§ **Problem details**
From the line that contains "Sigrid Olsen Half" down to the final line of the listing below, set down every line exactly, both ends included, and drop the pictures.

Dataset excerpt START

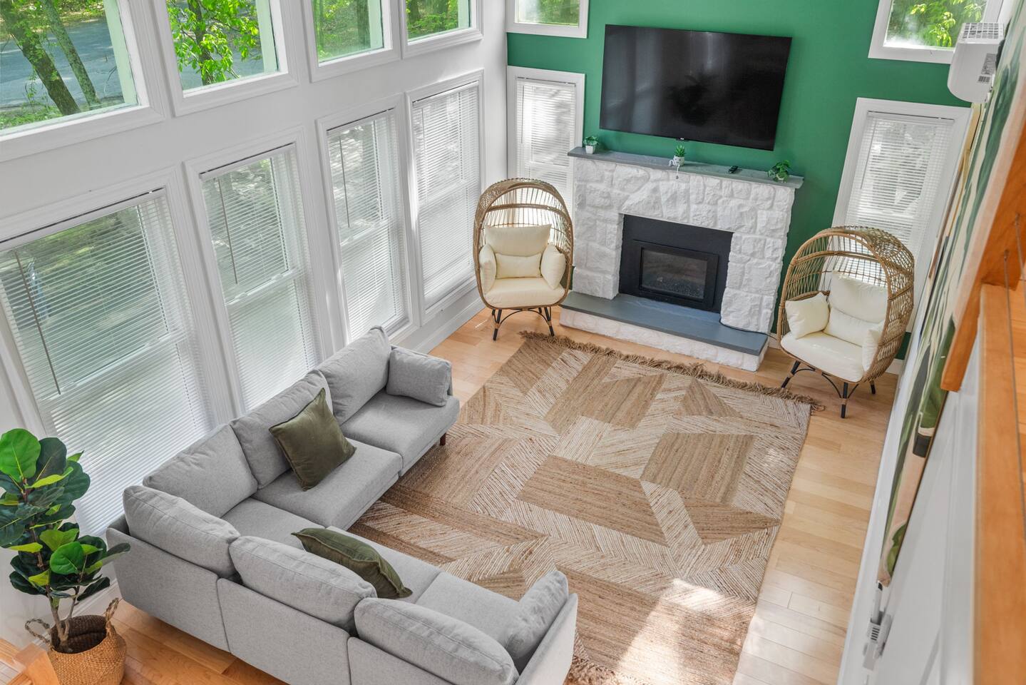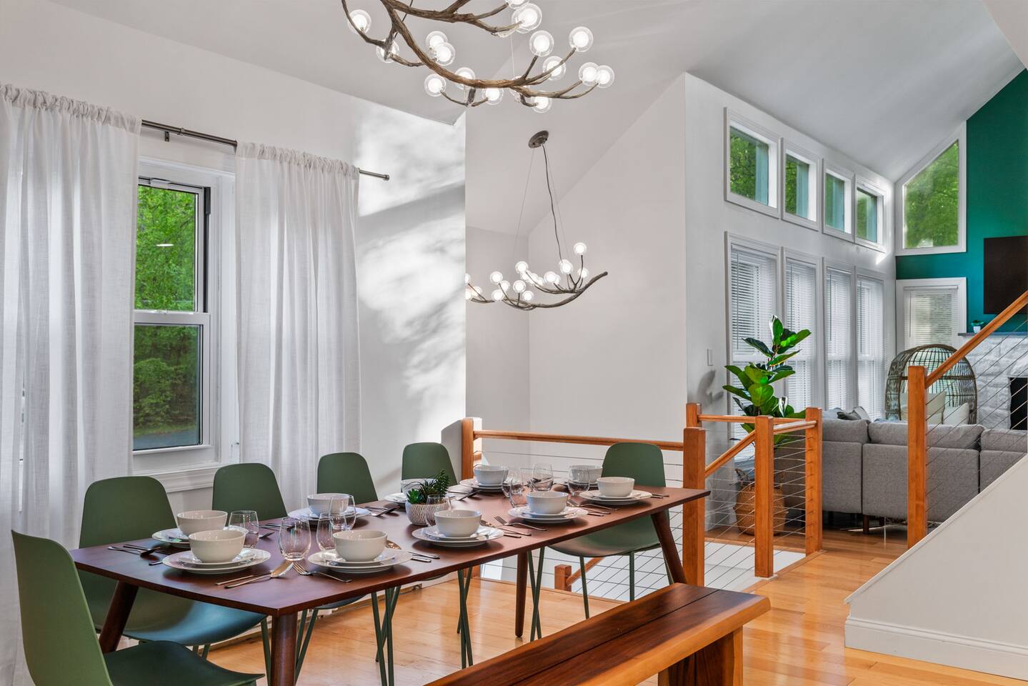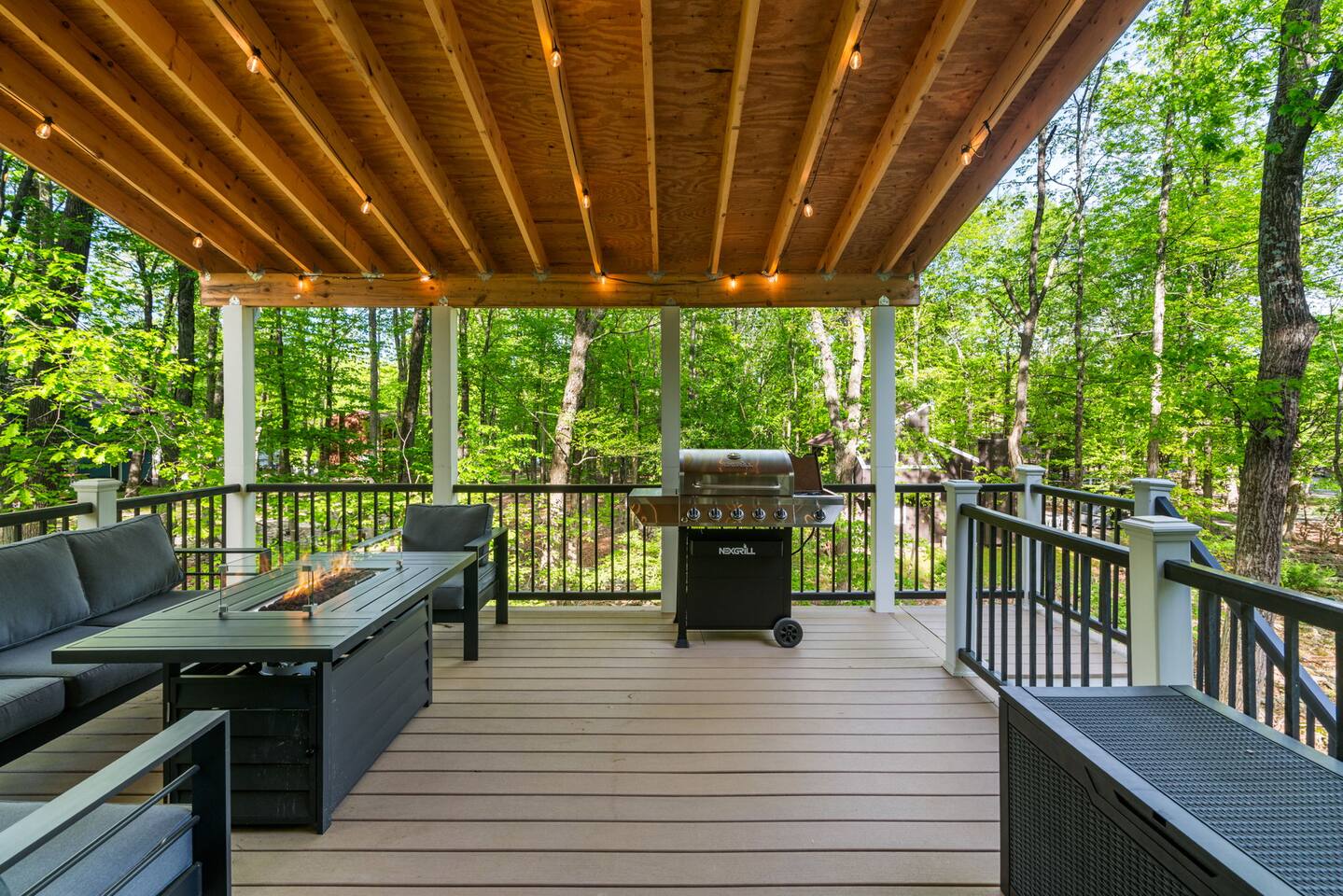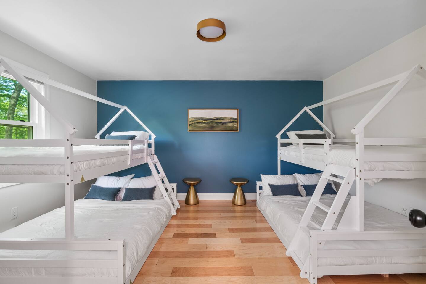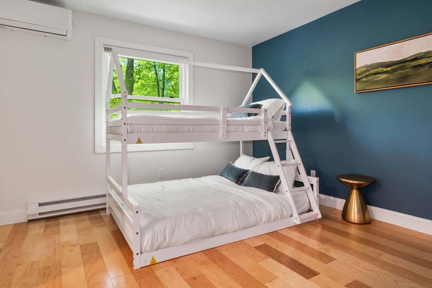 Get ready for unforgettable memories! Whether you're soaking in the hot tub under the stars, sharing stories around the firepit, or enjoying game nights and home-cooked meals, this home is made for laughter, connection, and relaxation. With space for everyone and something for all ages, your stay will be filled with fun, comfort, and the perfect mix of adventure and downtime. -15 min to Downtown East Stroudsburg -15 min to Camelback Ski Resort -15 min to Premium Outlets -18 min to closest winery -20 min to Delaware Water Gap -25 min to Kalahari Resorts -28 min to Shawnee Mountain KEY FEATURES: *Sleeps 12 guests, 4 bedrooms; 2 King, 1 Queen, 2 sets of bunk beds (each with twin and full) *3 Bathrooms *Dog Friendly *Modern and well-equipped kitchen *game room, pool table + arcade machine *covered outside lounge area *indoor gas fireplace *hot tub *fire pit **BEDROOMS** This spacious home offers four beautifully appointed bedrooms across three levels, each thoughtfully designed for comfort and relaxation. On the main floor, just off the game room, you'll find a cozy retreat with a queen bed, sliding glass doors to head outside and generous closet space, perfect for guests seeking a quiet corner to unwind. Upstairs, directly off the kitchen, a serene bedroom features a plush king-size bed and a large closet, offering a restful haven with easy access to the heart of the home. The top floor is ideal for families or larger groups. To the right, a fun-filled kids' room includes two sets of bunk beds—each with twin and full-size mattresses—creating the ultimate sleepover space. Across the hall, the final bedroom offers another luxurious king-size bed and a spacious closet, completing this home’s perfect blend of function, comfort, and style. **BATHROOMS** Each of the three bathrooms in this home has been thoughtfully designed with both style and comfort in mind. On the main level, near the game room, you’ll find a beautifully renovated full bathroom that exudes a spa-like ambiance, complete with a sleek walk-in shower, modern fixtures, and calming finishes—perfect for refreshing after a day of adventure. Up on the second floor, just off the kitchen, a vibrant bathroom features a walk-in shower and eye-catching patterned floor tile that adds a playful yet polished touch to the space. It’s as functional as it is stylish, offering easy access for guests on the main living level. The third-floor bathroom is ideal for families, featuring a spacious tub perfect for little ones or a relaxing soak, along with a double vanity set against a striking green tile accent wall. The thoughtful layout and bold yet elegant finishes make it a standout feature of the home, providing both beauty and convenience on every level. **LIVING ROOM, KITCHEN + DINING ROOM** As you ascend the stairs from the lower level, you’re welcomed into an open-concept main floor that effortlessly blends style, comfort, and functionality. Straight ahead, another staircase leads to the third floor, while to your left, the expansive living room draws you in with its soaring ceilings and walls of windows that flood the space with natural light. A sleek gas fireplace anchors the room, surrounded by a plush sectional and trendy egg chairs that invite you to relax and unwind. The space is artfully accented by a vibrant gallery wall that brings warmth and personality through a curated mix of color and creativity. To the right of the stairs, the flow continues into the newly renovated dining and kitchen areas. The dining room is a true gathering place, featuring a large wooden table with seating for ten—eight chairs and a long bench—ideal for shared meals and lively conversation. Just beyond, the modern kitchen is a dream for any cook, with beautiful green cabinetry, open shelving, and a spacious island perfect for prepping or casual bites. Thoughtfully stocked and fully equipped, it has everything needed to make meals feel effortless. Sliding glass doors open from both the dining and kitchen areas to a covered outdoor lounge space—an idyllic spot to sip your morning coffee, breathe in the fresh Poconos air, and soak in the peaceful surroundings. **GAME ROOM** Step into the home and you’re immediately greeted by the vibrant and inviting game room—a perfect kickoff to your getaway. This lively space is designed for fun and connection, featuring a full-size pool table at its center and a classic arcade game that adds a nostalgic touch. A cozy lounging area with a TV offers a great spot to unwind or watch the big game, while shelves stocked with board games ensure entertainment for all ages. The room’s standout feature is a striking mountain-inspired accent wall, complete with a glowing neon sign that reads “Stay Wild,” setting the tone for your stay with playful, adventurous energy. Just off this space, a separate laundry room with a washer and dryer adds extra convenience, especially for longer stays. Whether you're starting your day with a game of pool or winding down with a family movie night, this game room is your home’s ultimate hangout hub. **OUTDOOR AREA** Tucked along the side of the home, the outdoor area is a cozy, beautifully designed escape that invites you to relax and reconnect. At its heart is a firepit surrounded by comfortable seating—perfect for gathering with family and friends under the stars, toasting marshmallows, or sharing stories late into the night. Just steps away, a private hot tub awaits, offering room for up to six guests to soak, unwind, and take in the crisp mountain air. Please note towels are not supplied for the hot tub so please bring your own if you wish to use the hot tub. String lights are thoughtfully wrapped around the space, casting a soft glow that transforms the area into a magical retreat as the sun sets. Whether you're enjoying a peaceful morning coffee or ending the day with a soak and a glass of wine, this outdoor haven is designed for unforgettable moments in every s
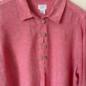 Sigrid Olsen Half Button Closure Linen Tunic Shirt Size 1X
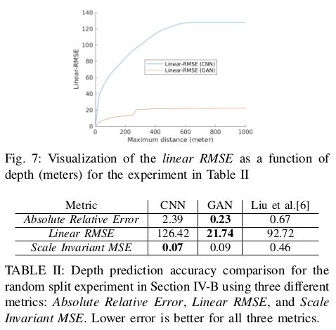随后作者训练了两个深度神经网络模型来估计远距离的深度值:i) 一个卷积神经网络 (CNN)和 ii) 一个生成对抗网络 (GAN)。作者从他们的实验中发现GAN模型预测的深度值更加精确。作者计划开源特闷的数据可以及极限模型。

Dataset excerpt END

§ **Output below**
 Sigrid Olsen Half Button Closure Linen Tunic Shirt Size 1X
随后作者训练了两个深度神经网络模型来估计远距离的深度值:i) 一个卷积神经网络 (CNN)和 ii) 一个生成对抗网络 (GAN)。作者从他们的实验中发现GAN模型预测的深度值更加精确。作者计划开源特闷的数据可以及极限模型。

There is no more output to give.